Multi-robot Hunting Behavior F. Belkhouche, B. Belkhouche and P. Rastgoufard Electrical Engineering and Computer Science Department Tulane University, New Orleans, LA 70118 [email protected] Abstract — In this paper we consider the problem of hunting an unpredictably moving prey using a group of robots. We elaborate a mathematical model for the trackingnavigation problem based on geometric rules. This model consists of systems of two differential equations describing the relative motion of the prey with respect to the robots. The control laws are decentralized and the robots move in different modes, namely: navigation-tracking mode, obstacles avoidance mode, cooperative collision avoidance, and circle formation. In the tracking-navigation mode, we use the deviated pursuit strategy, which consists of a closed loop control law based on geometric rules. The properties of this strategy are explored briefly. For obstacles and cooperative collision avoidance, a collision cone approach is used. Our method is illustrated using simulation. Keywords: Multi-robot navigation, target tracking, hunting behavior, cooperative collision avoidance.

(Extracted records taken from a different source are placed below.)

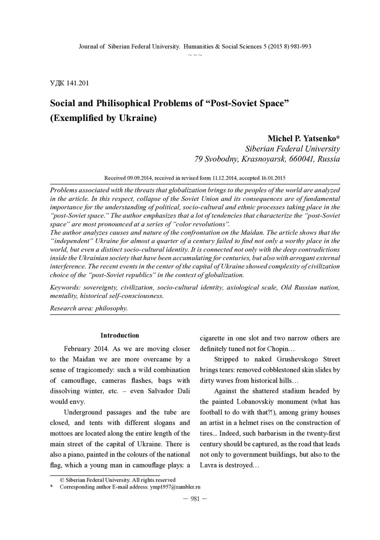 Библиографическое описание: Yatsenko, Michel. Social and Philisophical Problems of "Post-Soviet Space" (Exemplified by Ukraine) = Социально-философские проблемы "постсоветского пространства" (на примере Украины) / M. P. Yatsenko. - Текст : непосредственный // Журнал Сибирского федерального университета. Гуманитарные науки. - 2015. - Т. 8, № 5. - С. 981-993. - Библиогр.: с. 992-993 (6 назв.). - ISSN 1997-1370.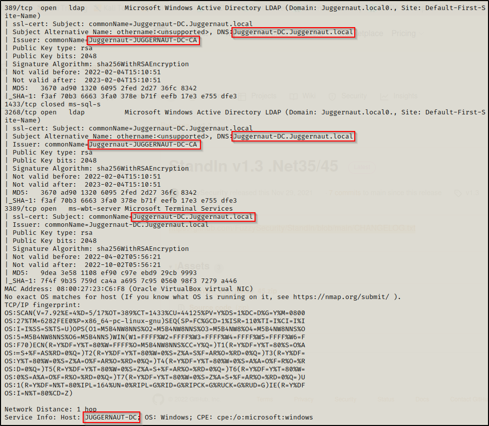• DNSHostname: Juggernaut-DC.Juggernaut.local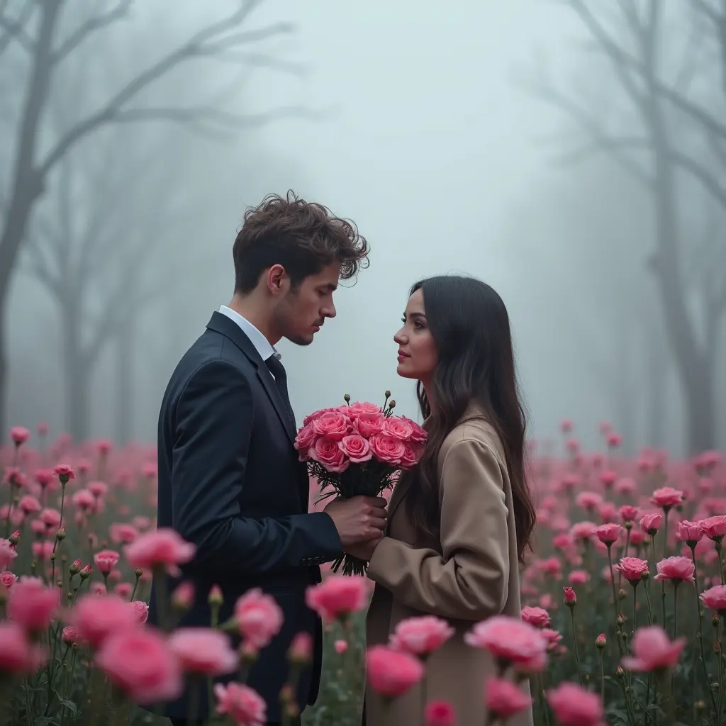 شخص يعطي ورد لحبيبته ، في مكان هادئ وضبابي ، وحوله الكثير من الازهار الوردية وامامه حبيبته في ردة فعل خجولة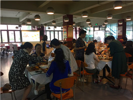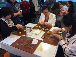 9月28日下午14:00,四十余位女教职员工集聚taptap点点食堂一楼,开始了此次月饼DIY体验。活动伊始,由烘焙老师向大家介绍了中秋习俗、月饼的种类以及制作月饼需要用到的物料及工具,随后还向大家演示了馅料及饼皮的制作过程。之后,老师们四人围坐一桌,动手制作月饼。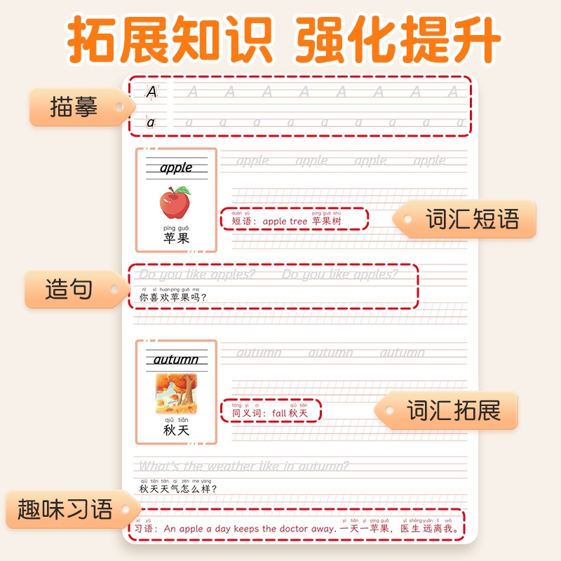 衡水体三年级英语字帖同步练2025新版 小学生英文单词26个字母练字3上小学课本每日一练书写训练练习 四年级五年级六年级上册人教版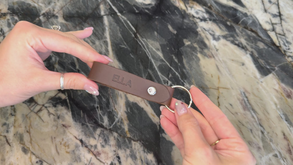 Meet your keys' new best friend! Our full grain USA Leather loop keychain is handcrafted from sustainable leather remnants, so every piece is truly unique. Choose from diverse leather and hardware color options to personalize your style. Add foil personalization for an extra pop. Built tough with a fixed rivet (no accidental unsnaps here!) This durable leather keychain is ready for anything. This is the perfect personalized leather gift to make someone's day (or, let’s be honest, treat yourself!). A custom leather keychain that’s both stylish and eco-friendly. Dimensions: 4.5" L x 0.75" W Get Creative! What will your sustainable leather keychain say? Perfect for initials, a meaningful name, a special date, or a symbol that tells your story (e.g., J.R., LUKE, 10.25.25, M&S ♡). Your Stamping Toolkit: Letters: A-Z (Heads up: It's CAPS ONLY for a bold, classic look!) Numbers: 0-9 Sweet Symbols: Period (.), Ampersand (&), Comma (,), Heart (♡) Short & Sweet: Please keep your masterpiece to a maximum of 10 characters. Type it Out: Enter your desired personalization exactly as you'd like it to appear. A quick double-check for typos is always a bright idea! We can't wait to handcraft your one-of-a-kind Northwind piece! Custom, Corporate Gift, and Wholesale Orders Interested in ordering 10 or more items? Reach out for bulk pricing! Want to add a logo, brand, or image to this product? Contact us for details. Searching for the perfect corporate gift? Get in touch to learn more. Need custom-made items? Please send us a photo, quantity, and any relevant details for a personalized quote!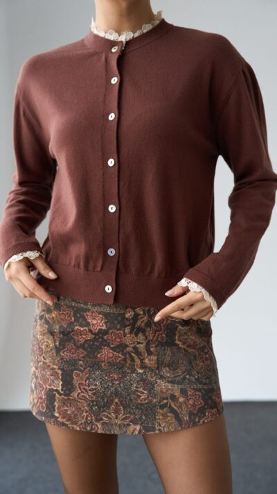 Pink Ribbed Button-Up Knit Cardigan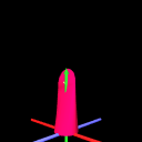 Figure 15.16 Extruded Lipstick With Axes A lipstick shape created by rotating a circular cross section about the X axis as it is extruded.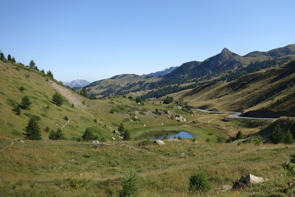 Sans doute n’ai je pas suffisamment mangé ce matin, un arrêt eau et ravitaillement s’impose. Je ne garde pas de souvenir précis de cette montée, sans doute trop concentré sur l’effort et la gestion de mes ressources dans l’ascension. J’ai noté que j’ai mis une heure dix pour monter depuis Saint Paul et que la description du trajet sur un dépliant présentant les cols de l’Ubaye se révélera pour le moins fantaisiste annonçant une pente moyenne de 10% dans les cinq derniers kilomètres.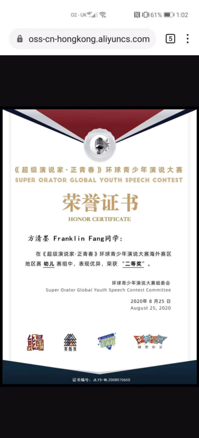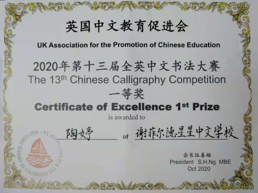 时间如白马过隙,2020年转瞬之间已到了年尾,在这个寒冷的深秋,谢大孔院接连传来了振奋人心的消息 ——谢大孔院青少年部星星中文学校的本土教师陶婷老师的书法作品,荣获2020年第十三届了全英中文书法大赛一等奖,即成年组(大楷毛笔)的第一名。谢大孔院青少年部星星中文学校的方清墨同学(7岁)荣获《超级演说家 正青春》环球青少年演说大赛海外赛区地区赛幼儿二等奖。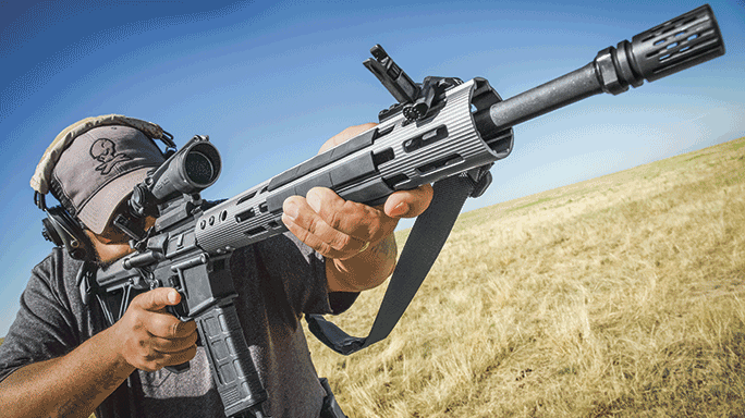 One of the rifle accessories that has become very popular over the last two decades is the foregrip. Foregrips on rifles can take several different forms, and the most popular seems to be the vertical grip. A vertical foregrip most often attaches to the 6 o’clock position on a handguard and extends toward the deck at a 90-degree angle. Magpul offers the M-LOK MVG vertical foregrip for this purpose.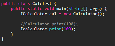 정적 메서드를 사용할 때는 인터페이스를 직접 참조하여 사용한다.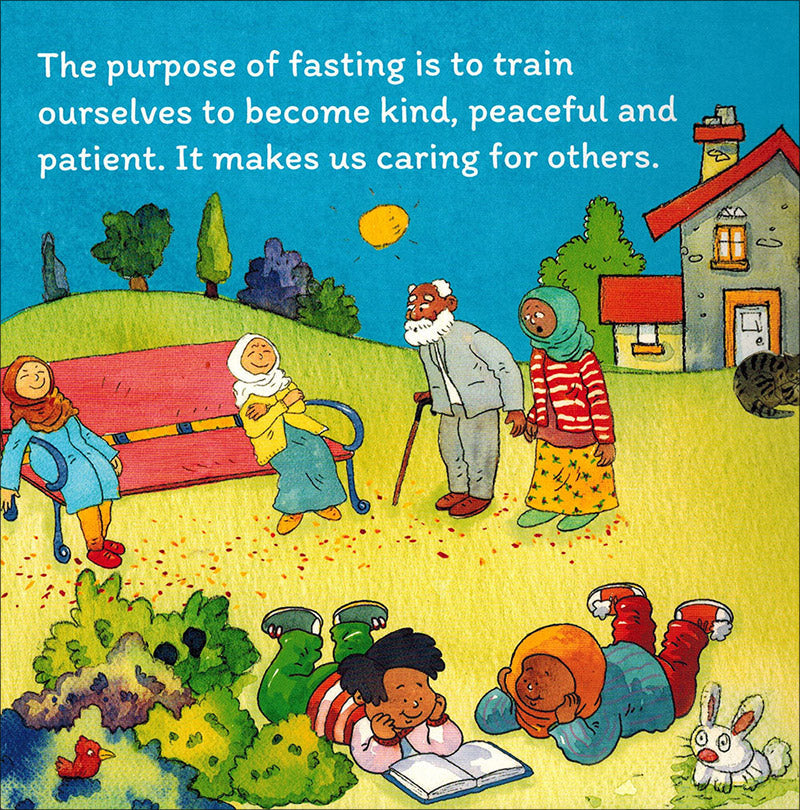 This book focuses on the spiritual growth that occurs during Ramadan. It explains how the month is a time when the “doors of Paradise are open,” encouraging children to read the Quran and develop good habits such as self-discipline. It emphasizes compassion for those in need and concludes with the festive celebration of Eid.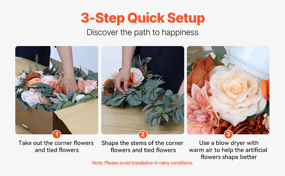 Jednoducho vytvarujte rohové kvety a kvety s viazaním, potom použite sušič vlasov, aby ste pomohli umelým kvetom nadobudnúť tvar. Pre dosiahnutie najlepších výsledkov sa vyhnite nastavovaniu v daždivých podmienkach. Toto aranžovanie kvetinového oblúka sa rýchlo a jednoducho inštaluje, takže si môžete vychutnať nastavenie bez stresu.

1 Introduction Cooperative robotics has seen important developments during the last decade. Multi-robot systems are used for various applications to accomplish tasks that are difficult or time consuming for a single robot. Different aspects of robotics cooperation are considered in the literature. Multiple robot navigation is discussed in ([1, 2, 3]), where different techniques are used. An algorithm for cooperative collision avoidance is suggested in [4], which is based on geometrical aspects of the robots paths. Different approaches ranging from Lyapunov theory to structural complexity theory were suggested. Robot formation control in the presence and absence of obstacles is widely discussed. The literature on robot formation is substantial, and solutions based on both behavioral and model-based controls are suggested. Behavior-based strategies are discussed in ([5, 6, 7]). Behavior-based methods enhence real–time response and reduce the complexity that accompanies the exact models. However, these methods

do not support means to predict the exact achievements of the robots. Geometrical approaches were also used for formation control ([8, 9, 10]). These methods are known for their robustness. Modeling and controlling robot formation using graph theory was discussed in ([11, 12]), where decentralized control laws are suggested. In [13], graph theory was used to switch between formations. Algorithms based on graph theory may be computationally expensive. For this reason it is recommended to use decentralized control laws. Tracking a moving target using a mobile robot was considered by many researchers. Recently, multi-robot systems were introduced to accomplish the same task. This problem is seen from different points of view and solved using various methods and techniques. Multi-robot tracking of a moving object using directional sensors was carried out in [14], where a sensor fusion scheme based on inter-robot communications is proposed in order to obtain real-time information on the target position and orientation. Similar problems are considered in ([15, 16]). In [15], both aerial and ground vehicles are used. In [16], the problem is considered for multiple moving targets. Yamaguchi [17] discussed the problem of multi-robot cooperative hunting behavior for both holonomic and nonholonomic vehicles. The method suggested by the author is model-based, where each robot has a vector defined as the formation vector. The robots move in formations controlled through the formation vectors. This approach is combination between feedback control laws and reactive control framework. Visual tracking of a target using a team of robots was addressed in [18], where a supervisor control system keeps track of the relative location of the robots, and utilizes this information to coordinates the cooperative tasks between robots. Cooperative capture of a target by multiple robots is demonstrated in [19] using simulation. It is shown that the capture task is accomplished successfully by the robots repeating simple behaviors. Experimental demonstration of robot cooperative target interception is carried out in [20]. In this paper we consider the problem of multi-robot hunting behavior. The goal is to derive control strategies that allow the robots to reach and enclose an unpredictably moving

prey. The robots move in several modes, namely: navigationtracking mode, obstacle avoidance mode, cooperative collision avoidance mode, and circle formation mode. In the tracking-navigation mode, the robots do not move in a formation, and their motion depends only on the motion of the prey. Techniques suggested for navigation towards an unpredictably moving goal ([21, 22, 23]) are used to reach the prey. The control laws are decentralized for all navigation modes.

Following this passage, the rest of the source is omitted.